In the present case, the plaintiff alleges that her injuries occurred when she was "walking on the Stony Creek dock for the purpose of boarding a boat when she was caused to trip and fall on the surface of the dock due to a depression in the asphalt where the asphalt met the concrete portion of the dock." The defendants argue that the location is included under the highway defect statute. They have cited several cases arguing the highway defect statute extends to walkways leading to buildings, sidewalks and areas off of public paths and should, therefore, include the dock location in the present matter.

The defendants first cite to Ferreira as evidence that the highway defect statute applies. In Ferreira, the plaintiff, upon disembarking from a bus, tripped on a signpost located on the shoulder of the highway. Id., 341. The court held that the location of the injury was a road or bridge for purposes of the highway defect statute.

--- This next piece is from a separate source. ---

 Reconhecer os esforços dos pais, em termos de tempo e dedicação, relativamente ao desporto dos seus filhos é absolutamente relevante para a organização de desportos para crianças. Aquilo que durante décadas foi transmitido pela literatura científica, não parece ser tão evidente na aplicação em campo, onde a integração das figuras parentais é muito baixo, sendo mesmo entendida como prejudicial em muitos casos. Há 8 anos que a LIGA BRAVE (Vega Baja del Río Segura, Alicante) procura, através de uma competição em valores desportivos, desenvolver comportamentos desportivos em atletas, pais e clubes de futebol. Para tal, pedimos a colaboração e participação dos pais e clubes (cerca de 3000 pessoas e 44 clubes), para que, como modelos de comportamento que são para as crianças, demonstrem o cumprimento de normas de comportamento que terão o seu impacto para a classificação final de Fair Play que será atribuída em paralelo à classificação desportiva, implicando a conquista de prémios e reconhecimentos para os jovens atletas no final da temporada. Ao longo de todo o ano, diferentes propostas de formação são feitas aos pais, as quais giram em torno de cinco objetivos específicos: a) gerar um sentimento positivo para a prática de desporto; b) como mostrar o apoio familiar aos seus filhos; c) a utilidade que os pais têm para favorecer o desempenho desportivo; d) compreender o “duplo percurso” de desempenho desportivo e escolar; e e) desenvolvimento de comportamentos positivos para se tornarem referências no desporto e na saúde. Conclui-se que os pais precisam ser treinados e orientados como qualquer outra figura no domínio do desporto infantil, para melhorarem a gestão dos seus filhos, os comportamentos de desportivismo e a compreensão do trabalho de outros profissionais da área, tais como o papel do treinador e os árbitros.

Id. The defendants also cite to other cases arguing that Connecticut courts have interpreted roads and bridges, under the highway defect statute, to include all sidewalks and public walkways. See Novicki v. New Haven, supra, 47 Conn.App. 740; Dunleavy v. Groton, Superior Court, judicial district of New London, Docket No. CV 98 545592 (November 23, 1998, Mihalakos, J.) ( 23 Conn. L. Rptr. 424). They argue that the location of the plaintiff's alleged injury was also on a public walkway, the walkway to the dock, and therefore part of a road or bridge.

In Novicki, the plaintiff was on a walkway between a public property and a school when she fell and was injured due to an alleged defect. Novicki v. New Haven, supra, 47 Conn.App. 740. The defendant-city originally brought a motion for summary judgment arguing that the location did not constitute a road or bridge, but that motion was denied because the "court could not conclude, as a matter of law, that the location of the plaintiff's fall was not a public highway or sidewalk." Id., 736. After which the complaint was amended and the defendant brought a motion to dismiss with new affidavits. The court held that "the walkway on which the plaintiff was injured was on public property and led from a city street to a public school, [and] it was reasonably anticipated that the public would make use of it." Id., 740. The court, ultimately, dismissed the case on other grounds. Id., 742.

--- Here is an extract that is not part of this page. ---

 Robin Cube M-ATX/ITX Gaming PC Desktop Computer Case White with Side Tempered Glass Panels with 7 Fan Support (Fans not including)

In Dunleavy, the plaintiff, while exiting Groton City Hall fell on the exterior steps and was injured. Dunleavy v. Groton, supra, 23 Conn. L. Rptr. 424. The plaintiff sued and the defendant brought a motion to strike two counts of the complaint arguing that the claims were barred. Id. The Dunleavy court granted the motion concluding that the location of the alleged defect of the steps was in such close proximity to the walkway that it fell under the highway defect statute. Id., 425.

The present case is distinguishable from the aforementioned cases. In the cases cited by the defendants the injuries occurred in close proximity to public buildings. The present case brings about a separate set of facts that are still in dispute. Here, the injury was not in close proximity to a public building, but instead in a dock area, distinct from the public areas described in the previous cases. The plaintiff in her deposition testified that she was on her way to the town dock, where she was to travel by ferry to her island home, when she fell in a depression in the asphalt. Masotta testified that the Stony Creek town dock is open to members of the general public and serves as a launch for transportation to the Thimble Islands. He further testified that the dock "consists of Indian Point Road, a concrete bridge, an asphalt ramp and a wooden pier from which boats and barges are loaded and unloaded." While this description is detailed, there remains a fact specific question as to the exact location of the alleged depression and whether the area of the plaintiff's alleged injury constitutes part of the dock and part of the "traveled path." Although the defendants provide authenticated photographs, they have not proven that this is where the alleged injury occurred. Instead, the plaintiff testified in her deposition that the photographs do not depict where she was injured.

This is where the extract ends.